There is no such thing as safe change

Many young or new developers have sometimes hard to deal mind set. Imagine you are developing big product and you about to release it. And then QA found problem that must be fixed. Fix is small and it looks like it is affecting only really small area that can be easily tested. And there is temptation to fix it, test only that small area by R&D and release it. And I will show that there is no such thing as safe change.

But before I will go to example from my experience, I have to remind you, that any application has a lot of bugs. Even “hello world” application can have some bugs especially if it does use run-time library. Most of these bugs are in some edge cases that almost never happen. There are also pair of bugs that masking each other and there are bugs that never manifest itself due to pure luck. And any change can upset last 2 category of bugs. And I already imagine that someone saying: “But I only recompiled small module ABC that has no external connection and sure it does not affect anything else”. And I will show you, that even that can lead to bugs in different completely unrelated area of code.

I was asked to investigate why application is crashing after some unrelated change. After few minutes I found bug, but that bug was unrelated to that change in any way. Moreover, after checking history in version control and I could not find any changes related to that bug in last 2 years. But after I reverted change, everything started to work correctly even bug is still present. And here is first lesson: you as developer should not be tempted to just fix bug. You should investigate why does it happen and why it did not happen before. And very often you can find more problems or will fix differently.

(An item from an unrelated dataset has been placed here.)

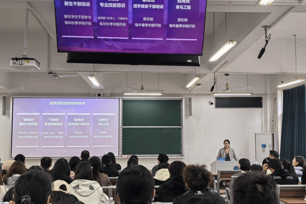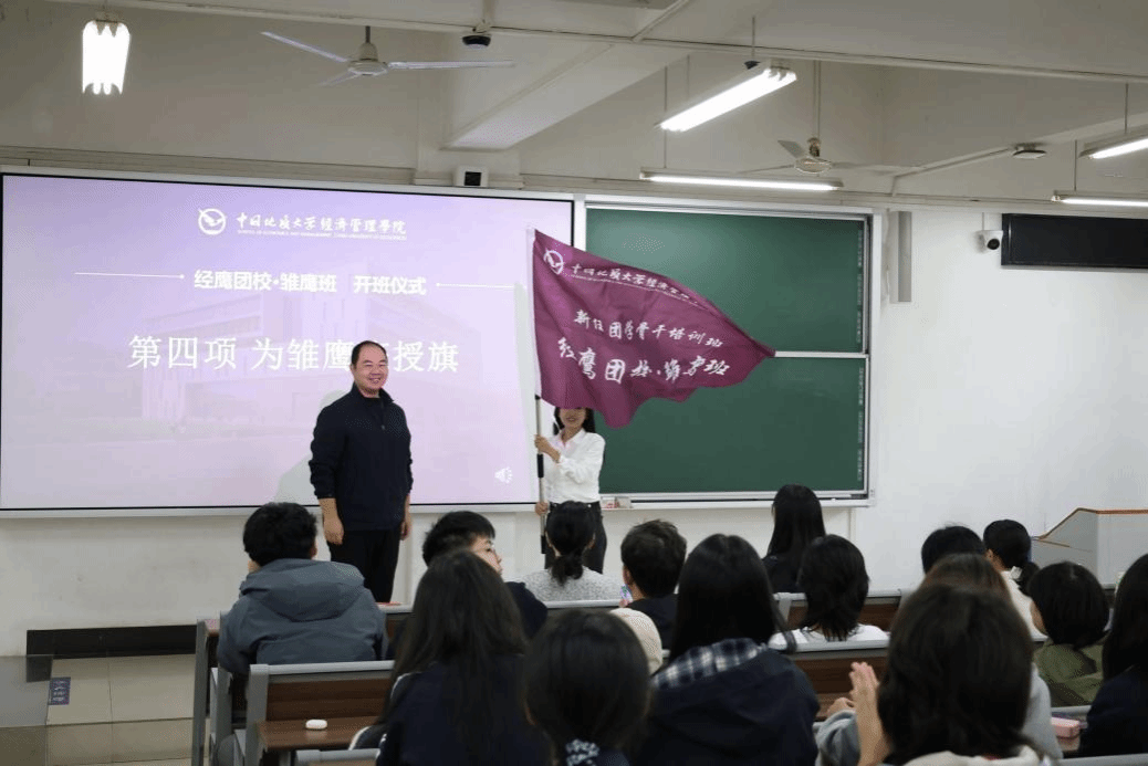(通讯员:刘恒宇、张梓焓 摄影:刘茂煊、颜含希)11月8日上午,经济管理学院经鹰团校新生学生骨干“雏鹰班”开班仪式在南望山校区北综楼203教室举行。学院党委副书记李纪亮,团委书记徐媛,2025级本科生辅导员彭少琪,全体新生班长、团支书及院团委、学生会实习生参加仪式。院团委办公室负责人刘恒宇主持仪式。

And I did follow my own advice. And after I found following code:
 

void Cat::Func()
{
  if(initialized)
  {
    DoSomething();
  }
}

With fix, application crashes in DoSomething, but without that fix DoSomething never executed. Really strange.

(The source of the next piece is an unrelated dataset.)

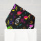 Símbolos e notas musicais coloridos com música, notas, clf, triplo, quaver,baixo,crochê sobre fundo negro

And after I did investigate more, I found that when Func is executing, this is not Cat class and it is Dog class. And indeed, I found some really old code in our application that does unsafe cast to Cat class. And as you can imagine it should always crash. But code works fine from moment that someone started using that code about 2 years ago.

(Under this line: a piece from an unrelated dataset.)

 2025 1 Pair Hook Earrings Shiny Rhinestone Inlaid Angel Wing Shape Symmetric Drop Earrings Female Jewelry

And then I found that reading initialized field when class is Dog will read lowest byte of some pointer. And happens that for last two years that lowest byte of that pointer was always zero. And that small change we did, somehow affected memory allocations and now it is never zero and application always crash.

Imagine that we did release our application to customers without testing it. It would be disaster. And thus, is second rule: After any change, application should be retested.